Locking is performed after an open call by applying the flock primitive, flock(fd, how); int fd, how; where the how parameter is formed from bits defined in <sys/file.h>: ._d #define LOCK_SH 1 /* shared lock */ #define LOCK_EX 2 /* exclusive lock */ #define LOCK_NB 4 /* don't block when locking */ #define LOCK_UN 8 /* unlock */ Successive lock calls may be used to increase or decrease the level of locking. If an object is currently locked by another process when a flock call is made, the caller will be blocked until the current lock owner releases the lock; this may be avoided by including LOCK_NB in the how parameter. Specifying LOCK_UN removes all locks associated with the descriptor. Advisory locks held by a process are automatically deleted when the process terminates. Disk quotas
As an optional facility, each file system may be requested to impose limits on a user's disk usage. Two quantities are limited: the total amount of disk space which a user may allocate in a file system and the total number of files a user may create in a file system. Quotas are expressed as hard limits and soft limits. A hard limit is always imposed; if a user would exceed a hard limit, the operation which caused the resource request will fail. A soft limit results in the user receiving a warning message, but with allocation succeeding. Facilities are provided to turn soft limits into hard limits if a user has exceeded a soft limit for an unreasonable period of time.
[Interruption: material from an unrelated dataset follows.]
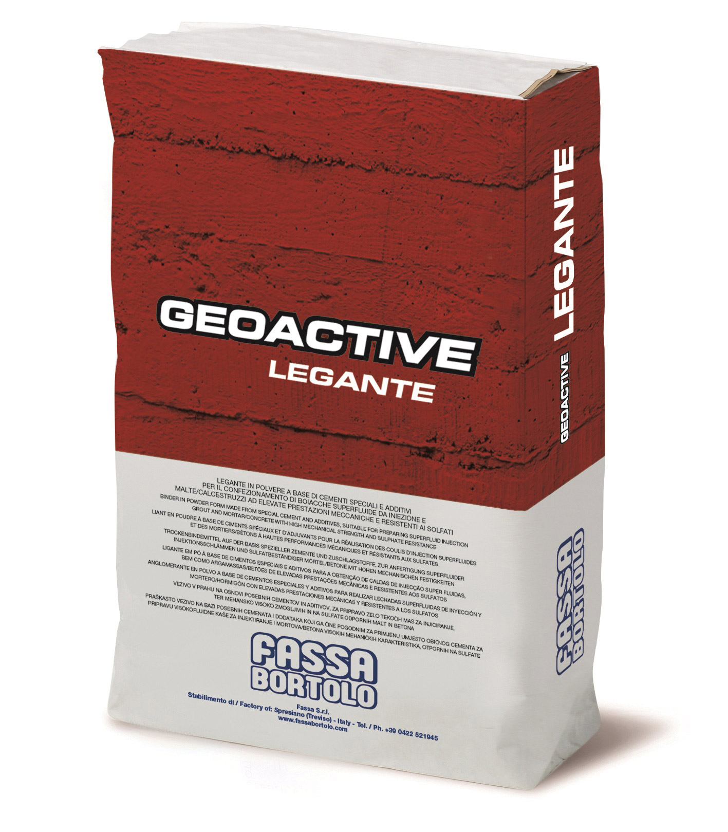 GEOACTIVE LEGANTE quando amassado com areia, agregados grossos e água permite obter um betão fluido, com baixa relação água/cimento, elevadas prestações mecânicas a curto prazo, bombeável, sem segregação e resistente aos agentes agressivos do ambiente.

To enable disk quotas on a file system the setquota call is used: setquota(special, file) char *special, *file; where special refers to a structured device file where a mounted file system exists, and file refers to a disk quota file (residing on the file system associated with special) from which user quotas should be obtained. The format of the disk quota file is implementation dependent.
To manipulate disk quotas the quota call is provided: #include <sys/quota.h> quota(cmd, uid, arg, addr) int cmd, uid, arg; caddr_t addr; The indicated cmd is applied to the user ID uid. The parameters arg and addr are command specific. The file <sys/quota.h> contains definitions pertinent to the use of this call.